Block: Interact with Page
Instruct your AI Agent to perform specific actions, sequences, or even goal-oriented tasks on a webpage.
While Explore Content
allows the agent to navigate based on a broad goal, the Interact with Page
block lets you define precise, sequential actions or even more complex, goal-oriented tasks for the agent to perform on the current webpage. This is essential for scenarios like logging in, submitting forms, revealing hidden content, initiating file “downloads” for in-browser processing, or attempting a registration process.
Purpose
Use the Interact with Page
block when you need your AI Agent to:
- Click specific buttons, links, or other elements.
- Type text into input fields, search bars, or forms.
- Press keys like ‘Enter’ or key combinations.
- Interact with elements to reveal more content (e.g., clicking ‘Show all’, ‘Read more’, spoilers).
- Attempt more complex, multi-step goals on a single page, such as “initiate download of the file named
{{filename}}
” or “register on the website using{{email}}
and{{password}}
.” - File Handling Note: When you instruct the agent to “download” a file (e.g., a PDF), it doesn’t mean the file is downloaded directly to your computer. Instead, the agent will open the file content within its browser environment. This allows subsequent workflow steps to process this content, such as extracting data from the opened PDF.
This block can function as a direct, step-by-step instruction manual or a higher-level task definition for interacting with a single page.
Configuration
-
Describe the action to take below:
- This is the core text area where you list actions or define a goal.
- Optimal Use (Step-by-step): For maximum reliability, list precise actions, with each new action on a new line. The agent will execute these in the order you list them.
- Example:
click on 'Submit'
type 'Green Flag' into 'Search bar'
click 'Show all reviews'
- Example:
- Goal-Oriented Tasks: You can also state a more global task like
initiate download of 'report.pdf'
orregister on site
.- By default, the agent attempts this within a limited number of internal steps (often one, corresponding to one line).
- If the task is more complex (e.g., registration involves multiple fields and clicks), you can increase the “Maximum number of steps” in Advanced Options.
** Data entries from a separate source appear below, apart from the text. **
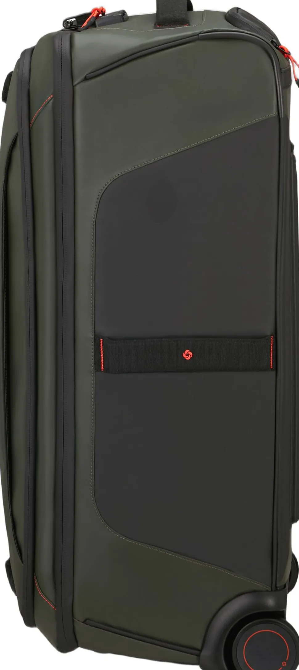 Duffle på hjul hvor både det udvendige og indvendige stof er lavet af genbrugt nylon og polyester, vandafvisende materiale, front og sidelomme, TSA lås, rumindhold 76 liter, vægt 2,9 kg. 5 års begrænset garanti.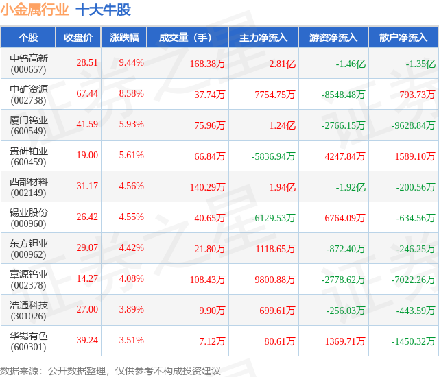 个股表现方面,小金属行业当日领涨股为中钨高新(000657),该股当日报收28.51,上涨9.44%,成交量168.38万,主力资金净流入2.81亿元。中矿资源(002738)以上涨8.58%紧随其后,该股当日成交量37.74万,主力资金净流入7754.75万元。除此之外,厦门钨业(600549)、贵研铂业(600459)、西部材料(002149)均进入当日牛股之列。具体个股列表见下表:
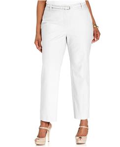NEW Charter Club White Belted Tummy Slimming Curvy Fit Ankle Pants Slacks Women's Plus 24W NWT $75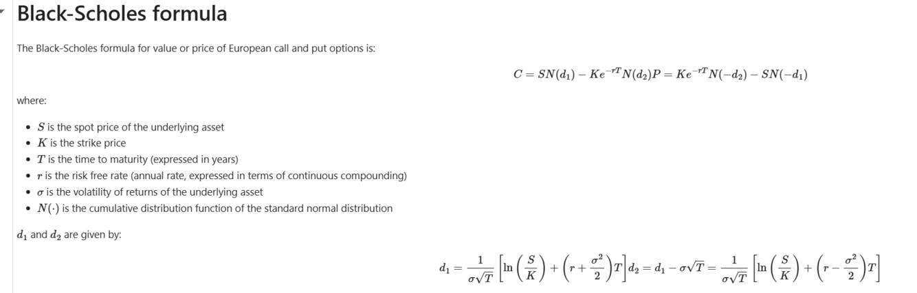 What is the black-scholes formula for call and put options?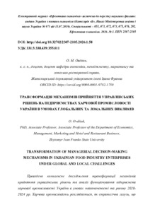 Трансформація механізмів прийняття управлінських рішень на підприємствах харчової промисловості України в умовах глобальних та локальних викликів.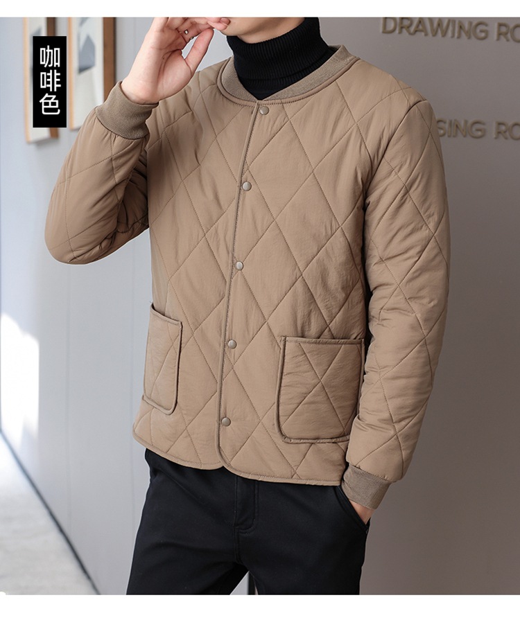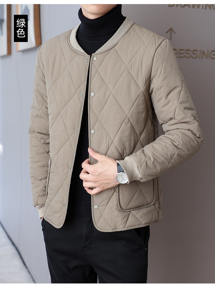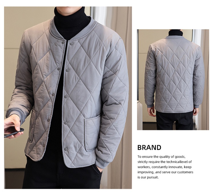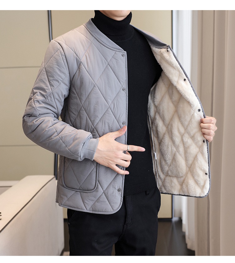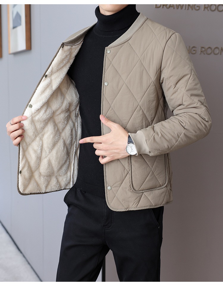 가을과 겨울 남성용 기모 내부 컨테이너 새로운 착용 가까운 피부 친화적 인 작은면 패딩 재킷 가을 단색 스탠드 칼라 카디건 코트 남성스토어 가기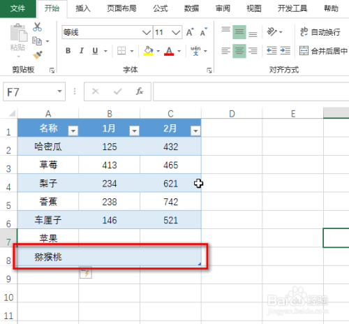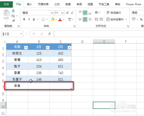 在表格数据结从头至尾处,输入一个名称,并Enter键,就会主动生当作有格局的数据空行,具体如图所示:
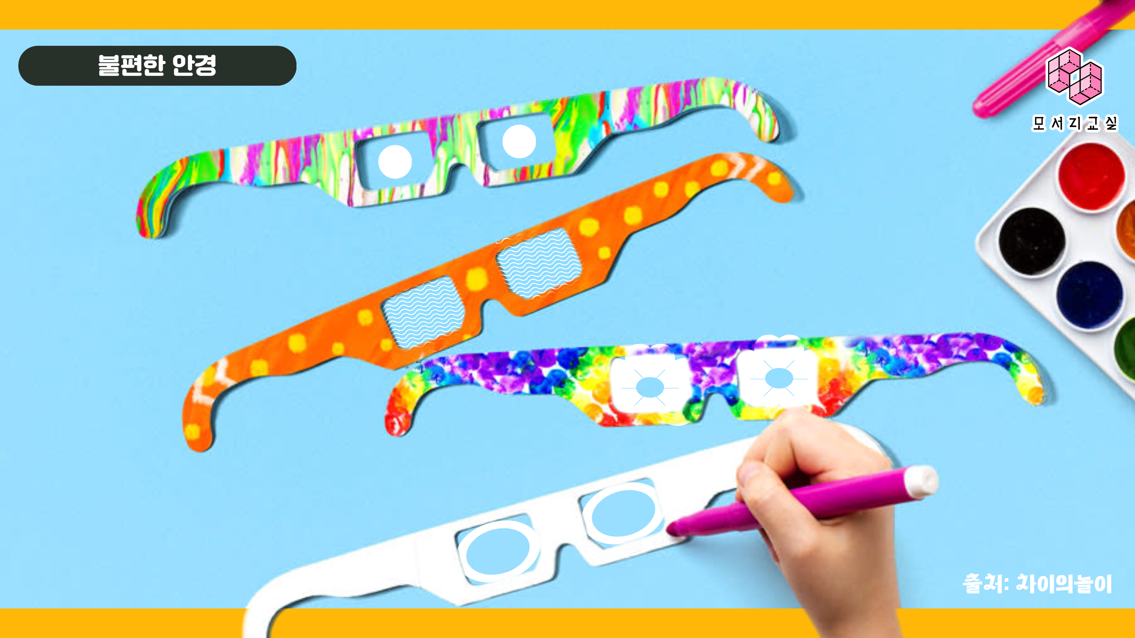 오늘 우리가 만든 안경은 반대로 좋은 눈을 불편하게 하여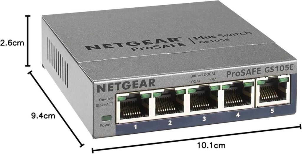 NETGEAR GS105E-200PES Smart Managed Plus Switch, 5 Gigabit Port, 10/100/1000 Mb/s, VLAN, QoS, DoS, IGMP Snooping, IEEE802.3az, Ventilátor Nélküli, Fém Ház, Szürke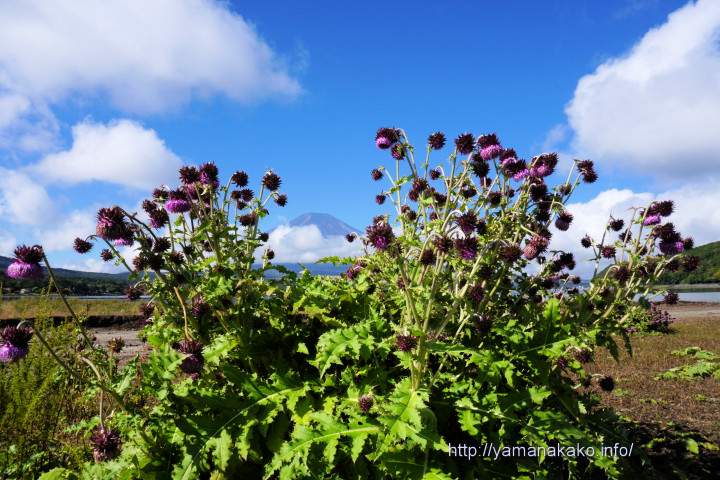 10日前に紹介したきらら前のフジアザミの一番大きな株は、写真のようにちょうど満開となっています。晴れてきれいな富士山が見えていると、たくさんのカメラマンがいるのですが、今朝は急に晴れてきて山頂しか見えなかったので他には誰もいませんでした。

However, this increases the chance of the agent making an error or failing to achieve the goal. A step-by-step algorithm is generally more robust. Experiments are encouraged!
-
Using Variables:
- You can use variables (from an
Apply Variables
block) in any part of an action description, not just for typing text. - Examples:
type {{search_query}} into 'Search input'
click on button 'Download {{filename}}'
initiate download of file {{file_url}}
select {{option_value}} from 'Dropdown menu'
- You can use variables (from an
-
No Scrolling Needed:
- You don’t need to add instructions like “scroll down to the button.” The AI Agent perceives the entire page at once.
-
Advanced Options:
- Maximum number of steps: Default is 1 (meaning one line in the description field is one primary action). You can increase this if you’ve described a more global, multi-step task on a single line and want the agent to attempt more internal actions to achieve it. Be mindful that increasing this can reduce reliability for complex tasks. (The agent uses visual understanding to identify elements).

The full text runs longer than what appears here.